I love the narrative style of this book – it takes the folktale inspiration and runs with it, it’s just like a storyteller was sitting in the room with you and telling you a story. We meander back and forth in time and point of view, and the narrator is quite opinionated at times. Paama is a terrific heroine, she’s calm, kind, and intuitively knows that the best thing to do with power is not use it. She’s also pragmatic – when the djombi threatens her family and asks her to give him the stick, she immediately hands it over. Of course, things aren’t that simple, since she actually has to believe that he’s the better person to wield it, and that’s the titular “redemption” of the story.

On the surface this story seems really simple, but there are a lot of layers and side plots – Anansi’s troubles with tricking people (yes, Anansi’s in this book!), Paama’s self-centered sister and her search for an eligible husband, the extremely competent House of Sisters that help Paama out. There’s not a lot of time spent of these, but they’re full of heart and the author’s deft characterization makes the characters seem like people you know pretty well.

Redemption in Indigo is very different from the other Karen Lord book I’ve read, The Best of All Possible Worlds, but it’s just as warm and well-told.
Comment ( )
  kgodey | Apr 11, 2017 |
This was such a wonderful adventure!

This is not typical science fiction at all. It's part fable, part folklore with gods and tricksters interfering in the lives of humans all the while.

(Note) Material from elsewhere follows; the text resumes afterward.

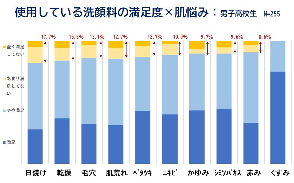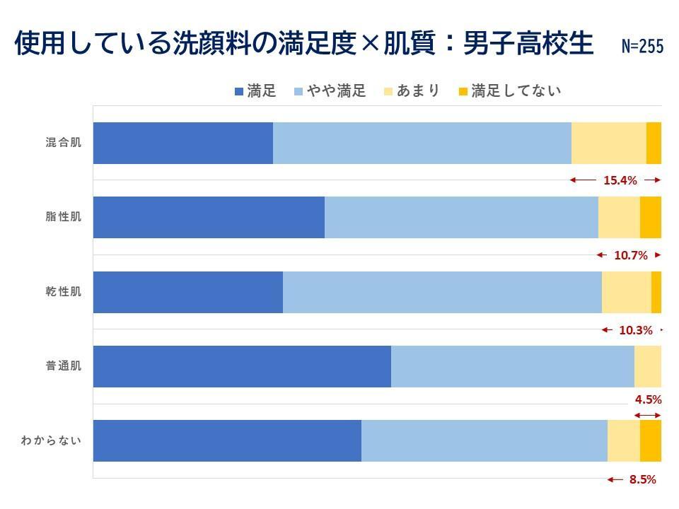 皮脂が多くテカリやすい混合肌・脂性肌は、男子高校生に多い肌質です。にもかかわらず、ここで満足度が下がっているということは、「しっかり洗っているのに、悩みは残っている」という“もどかしさ”がみえてきます。

I loved Paama. She's a heroine who is particularly difficult to write, unassuming, stoic, quiet, steadfast, vulnerable. How Karen Lord is able to take someone so seemingly ordinary and take all the little details that make her human and show the reader how great she is.

The narrator is funny, witty, dry and breaks the fourth wall in a way that I adore.

The only reason I would give this book a lower rating is because I think there are some parts that are so, so exciting and other times there were a few lulls in the action, but I can't complain anymore than that.

This book is great for its subtlety, for its details, for its depth, for its warmth, for its compassion.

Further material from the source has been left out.